Atomic operations with Atomix.jl
In case the different kernels access the same memory locations, race conditions can occur. KernelAbstractions uses Atomix.jl to provide access to atomic memory operations.
Race conditions
The following example demonstrates a common race condition:
using CUDA, KernelAbstractions, Atomix
using ImageShow, ImageIO
function index_fun(arr; backend=get_backend(arr))
out = similar(arr)
fill!(out, 0)
kernel! = my_kernel!(backend)
kernel!(out, arr, ndrange=(size(arr, 1), size(arr, 2)))
return out
end
@kernel function my_kernel!(out, arr)
i, j = @index(Global, NTuple)
for k in 1:size(out, 1)
out[k, i] += arr[i, j]
end
end
img = zeros(Float32, (50, 50));
img[10:20, 10:20] .= 1;
img[35:45, 35:45] .= 2;
out = Array(index_fun(CuArray(img)));
simshow(out)
In principle, this kernel should just smears the values of the pixels along the first dimension.
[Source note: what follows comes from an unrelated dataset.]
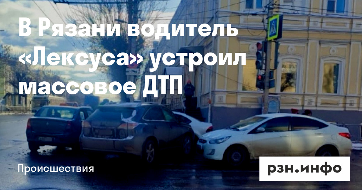 Авария произошла утром 17 февраля вблизи дома № 51/21 на улице Ленина. По предварительной информации, 49-летний рязанец, управляя автомобилем Lexus, столкнулся с автомобилем Renault Logan под управлением 50-летнего местного жителя, автомобилем Volkswagen под управлением 60-летнего жителя Рязани, а также с автомобилем Hyundai под управлением 24-летнего рязанца.

However, the different out[k, i]
are accessed from multiple work-items and thus memory races can occur. We need to ensure that the accumulate +=
occurs atomically.
The resulting image has artifacts.
Fix with Atomix.jl
To fix this we need to mark the critical accesses with an Atomix.@atomic
function index_fun_fixed(arr; backend=get_backend(arr))
out = similar(arr)
fill!(out, 0)
kernel! = my_kernel_fixed!(backend)
kernel!(out, arr, ndrange=(size(arr, 1), size(arr, 2)))
return out
end
@kernel function my_kernel_fixed!(out, arr)
i, j = @index(Global, NTuple)
for k in 1:size(out, 1)
Atomix.@atomic out[k, i] += arr[i, j]
end
end
out_fixed = Array(index_fun_fixed(CuArray(img)));
simshow(out_fixed)
This image is free of artifacts.